Starknet 簽名指南

抽象的

本文概述了在 Starknet 上簽署和驗證簽名的過程。首先介紹帳戶抽像以及與以太坊等傳統區塊鏈相比，它如何修改簽名驗證。然後，它提供了 TypeScript 和 Go 中的全面程式碼範例，用於使用 Starknet 上提供的兩種方法對訊息進行簽署和驗證簽名：使用使用者的公鑰和使用使用者的帳戶地址。

現場簽名遊樂場可在 https://signatures.felts.xyz

本文中給出的所有程式碼範例都可以在關聯的 GitHub 儲存庫中找到。我要感謝蒂亞戈對程式碼片段的幫助。

帳戶抽象

在以太坊中，個人使用者帳戶，稱為外部擁有帳戶（EOA），由一對私鑰和公鑰控制。交易需要私鑰簽章才能修改帳戶狀態。雖然安全，但該系統存在明顯的缺點，例如如果私鑰遺失或被盜，資產將遭受不可逆轉的損失，錢包功能有限，以及缺乏用戶友好的金鑰或帳戶恢復選項。

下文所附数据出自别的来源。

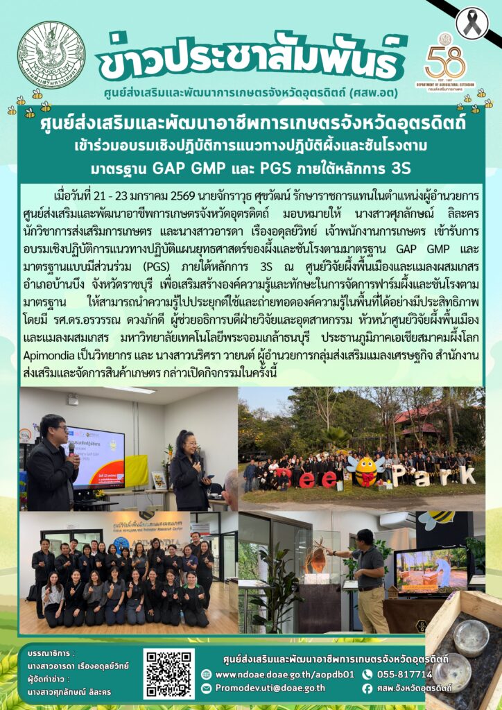 ข่าวประชาสัมพันธ์ศสพ.อุตรดิตถ์ เข้าร่วมอบรมเชิงปฏิบัติการแนวทางปฏิบัติผึ้งและชันโรงตามมาตรฐาน GAP GMP และ PGS ภายใต้หลักการ 3S doaeUtt / 23 มกราคม 2026 เมื่อวันที่ 21-23 มก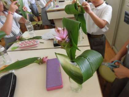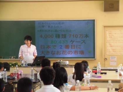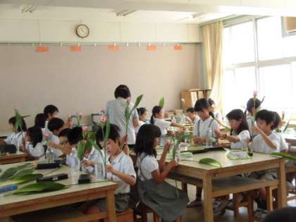 花の流通についてなど、3年生にもわかりやすく興味深いお話に続いて、一花一葉(いっかいちよう)のフラワーアレンジメントの体験をしました。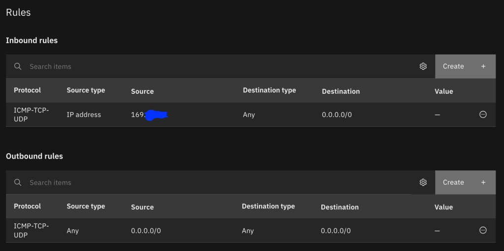 First you should create a security group to restrict access to the jump server. Navigate to Infrastructure | Network | Security groups and click Create. Ensure that your new VPC is selected, create one or more rules to represent the allowed inbound connections, and then create an outbound rule allowing all traffic.

Starknet 透過帳戶抽象化 (AA) 解決了這些限制，它透過智慧合約而不是私鑰來管理帳戶。這種方法允許智能合約驗證其交易，從而實現智能合約涵蓋的汽油費、單一帳戶的多個簽名者以及各種加密簽名等功能。 AA 使開發人員能夠設計自訂安全模型，例如用於日常和高價值交易的不同金鑰以及用於增強安全性的生物識別身份驗證，從而增強安全性和使用者體驗。它還透過社交恢復和基於硬體的交易簽名等方法簡化了金鑰恢復和管理。此外，AA 支援金鑰輪換、Web3 應用程式的會話金鑰以及多種簽章和驗證方案，從而允許自訂安全措施。透過解決以太坊 EOA 模型的固有局限性，Starknet 的 AA 提供了更靈活、安全、用戶友好的帳戶管理方法，顯著改善了區塊鏈互動。

簽名

了解了帳戶抽象化後，我們現在可以探索它如何改變簽名驗證。首先，必須了解簽名的組成。 STARK曲線是一條橢圓曲線，其簽名是ECDSA簽名，由兩個值組成：r和s。簽名是透過使用私鑰對訊息進行簽名而產生的，並且可以使用公鑰進行驗證。有關 ECDSA 簽名的更多信息，請參閱維基百科頁面。

簽署訊息

在 Starknet 中，要簽署的訊息通常遵循 EIP-712 格式。此訊息格式包括四個強製欄位：types、primaryType、domain 和 message。 types 欄位將類型名稱對應到其對應的類型定義。 PrimaryType 欄位指定訊息的主要類型。域字段包含指定鏈上下文的鍵值對。訊息欄位包括描述訊息的鍵值對。我們通常將訊息表示為 JSON 物件：

{
    types: {
        StarkNetDomain: [
            { name: "name", type: "felt" },
            { name: "chainId", type: "felt" },
            { name: "version", type: "felt" },
        ],
        Message: [{ name: "message", type: "felt" }],
    },
    primaryType: "Message",
    domain: {
        name: "MyDapp",
        chainId: "SN_MAIN",
        version: "0.0.1",
    },
    message: {
        message: "hello world!",
    },
}

要簽署訊息，您需要私鑰。如需深入了解簽章流程，請參考ECDSA簽章演算法。以下是簽署訊息的代碼。

打字稿：

import { ec, encode, TypedData, Signer, typedData, WeierstrassSignatureType } from 'starknet';

//--------------------------------------------------------------------------
// Account
//--------------------------------------------------------------------------
const privateKey = '0x1234567890987654321';

const starknetPublicKey = ec.starkCurve.getStarkKey(privateKey);

const fullPublicKey = encode.addHexPrefix(
    encode.buf2hex(ec.starkCurve.getPublicKey(privateKey, false))
);

const pubX = starknetPublicKey
const pubY = encode.addHexPrefix(fullPublicKey.slice(68))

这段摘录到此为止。